Aim of the exercise: Copy exactly the stretch of lines from the one holding "蕾。全草に白くて短い軟毛が密生する。" through the last line of the data below, inclusive. Leave out pictures.

Supplied data:
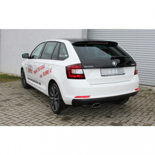 Fox Sportauspuff koncový tlumič výfuku s koncovkou 150x70 Typ 52 pro Škoda Rapid Spaceback s motorem 1.2, 1.4, 1.6 TDI
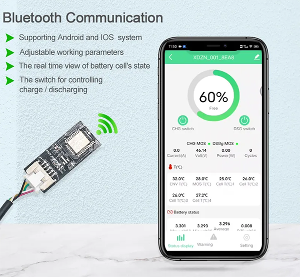 Cells Batteries with RS485 BLUETOOTH 2NTC can programming
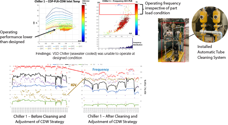 - VSD Chiller (seawater-cooled) was unable to operate at designed condition.
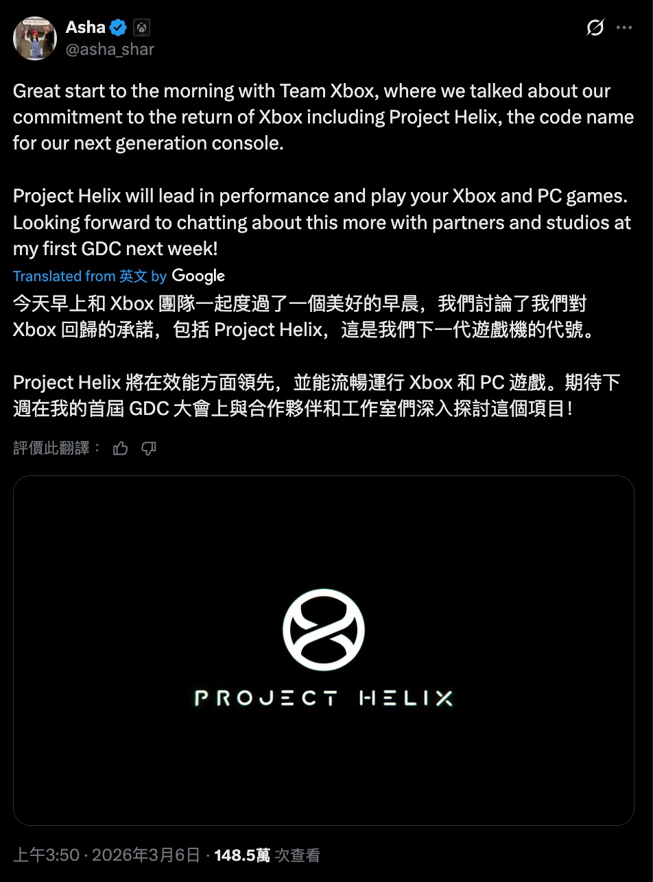 IT之家 3 月 6 日消息,微软 Xbox 部门新掌舵人阿莎 · 夏尔玛(Asha Sharma)昨天在 X 平台表示,他们已经在讨论下一代 Xbox 主机“Project Helix”。
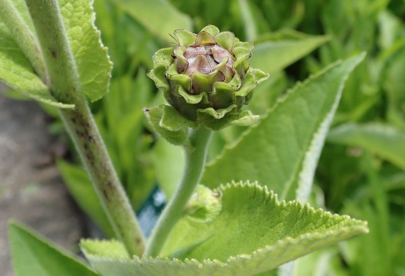 蕾。全草に白くて短い軟毛が密生する。
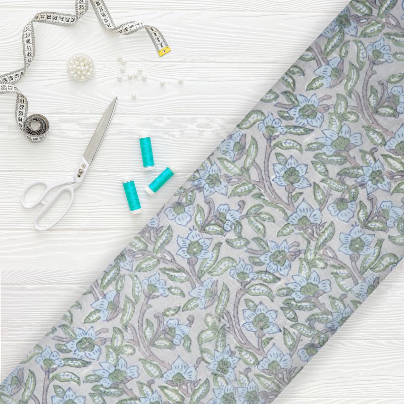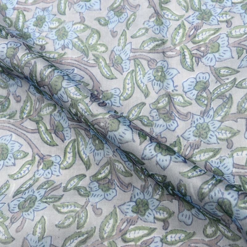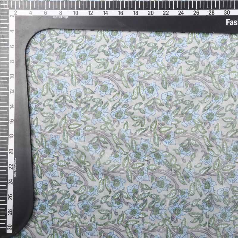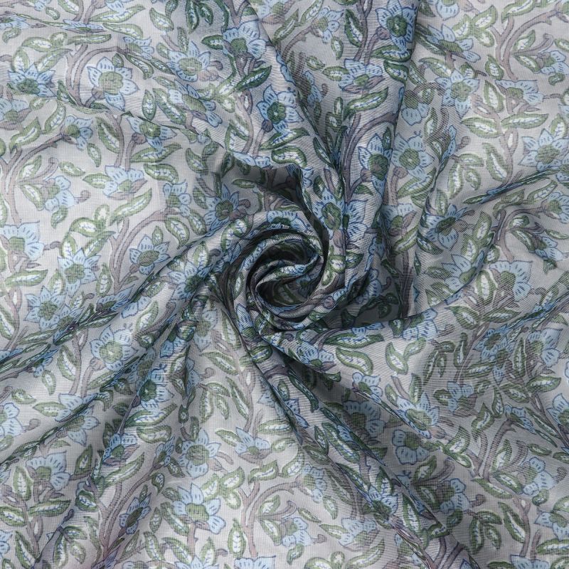 Forest Green And Sky Blue Floral Pattern Digital Print Chanderi Fabric

Solution:
 蕾。全草に白くて短い軟毛が密生する。
 Forest Green And Sky Blue Floral Pattern Digital Print Chanderi Fabric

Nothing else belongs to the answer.